Privacy has become an essential aspect of everyday life, not only at work, but also at home. Privacy is related to almost everything we do on any given day, from simple work activities, like opening a document attached to an email from a client, to using our credit or debit card to pay for lunch at a restaurant. Privacy and confidentiality are often used interchangeably, but there is, however, a difference from a legal point of view.
“Privacy and confidentiality are words that cause a great deal of confusion,” says Dr. Danielle Miller-Olofsson, a lawyer and an expert in privacy law. “Privacy is a human right, and as such, it applies to every individual. Confidentiality, on the other hand, is more of an obligation owed by one party to another — usually, but not always, as a result of a relationship that exists between the parties. For example, as a professional, you have access to privileged information as part of your relationship with your client. Therefore, you have the obligation and professional duty to keep information and access to such information restricted. In many professions, confidentiality is a given and there is no need to enter into a non-disclosure agreement,” she adds.
In Canada, there are laws that protect privacy. Generally speaking, the federal Personal Information Protection and Electronic Documents Act (PIPEDA) applies to all provinces except Alberta, British Columbia and Québec, which are exempted because they have passed their own provincial legislation that is functionally equivalent to PIPEDA. However, PIPEDA does apply to all federally regulated organizations in Canada, such as banks, airlines, postal services, etc.
As stated above, Québec has its own privacy act, which pre-dates the federal legislation. The Act respecting protection of personal information in the private sector was passed in 1993, while PIPEDA, the federal legislation, was adopted in 2000 to protect privacy in the private sector at the federal level.
According to the Office of the Privacy Commissioner of Canada, the different laws applied are based on several factors, such as the type of organization that collects the information (federal, provincial, private, etc.), the place where the organization is based, the kind of information involved, and whether the information crosses provincial or national borders.
The Office of the Privacy Commissioner of Canada provides information to individuals on how to protect their personal information and also sets out the rules for federal agencies and certain businesses to handle personal information correctly. “The Office of the Privacy Commissioner of Canada performs a balancing act between protecting the right of individuals to their privacy and the right of an organization to use that information for legitimate business purposes,” says Dr. Miller-Oloffson.
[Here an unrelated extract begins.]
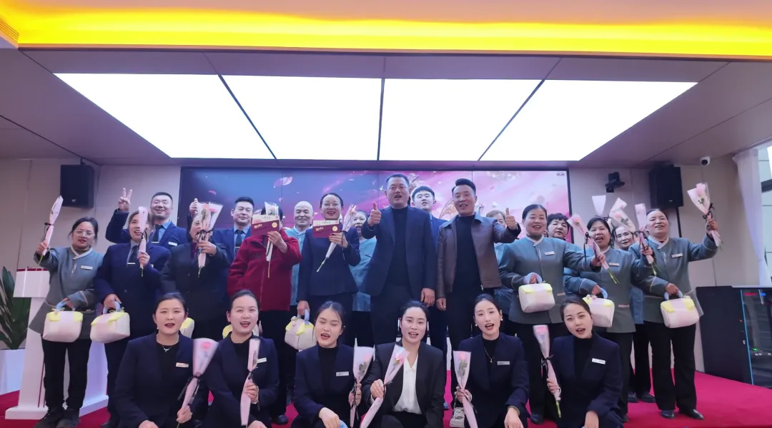 在拍照合影环节,女神们手持贺卡与伴手礼,齐声高呼“做自己的女王”,自信与美丽在镜头前绽放。随后,全体男女员工共同上台,手持玫瑰花,齐声祝福:“愿你一生被爱!永远自在坦荡!女神节快乐!”画面温馨感人。

When it comes to translation, freelancers might find it more difficult than translation businesses to put security measures in place. Although there is a whole range of security solutions to choose from, they can be too expensive for individuals. But the weak link in security is often the end user, and measures should be taken to minimize risk. In his 2017 article “Keep a dedicated ‘guest computer’ for your houseguests,” Nick Douglas, staff writer for Lifehacker.com, suggests you have a spare computer for friends and family. As most freelance translators work at home and many share their computer with their spouse or children, this piece of advice is also useful for them. Having a dedicated work computer could prevent accidental disclosure of confidential files and personal information. Regardless of the type of document being translated, exposure to legal action and fines are potential consequences of a confidentiality or privacy breach, whether accidental or deliberate.
“Privacy laws apply to translation, as long as it’s carried out as a commercial activity,” says Dr. Miller-Oloffson. “Failure to comply with the law could result in fines ranging from $1,000 to $10,000 for a first offence, and from $10,000 to $20,000 for subsequent offences. If a legal action is brought against the translator or translation business, they will have to prove the disclosure was accidental by showing they had security mechanisms in place to prevent such breach. In such a case, courts are likely to be more lenient. However, if there was no security infrastructure in place, or if the breach was deliberate, courts will be more strict,” she concludes.
Danielle Miller-Olofsson, BC.L., LLB, LL.M., Ph.D., is Chief, Knowledge Management and Market Strategies at BCF Avocats d’affaires, as well as a member of the Bar of Quebec and a member of the Barreau de Paris. She holds a Ph.D. in Literature from l’Université de Montréal and a Bachelor of Laws from McGill University. In the last 17 years, she has held different positions in large law firms in both France and Canada. While working as a Marketing Director for a multinational law firm, she became particularly interested in privacy issues and decided to pursue a Master’s degree in Privacy Law at l’Université de Montréal.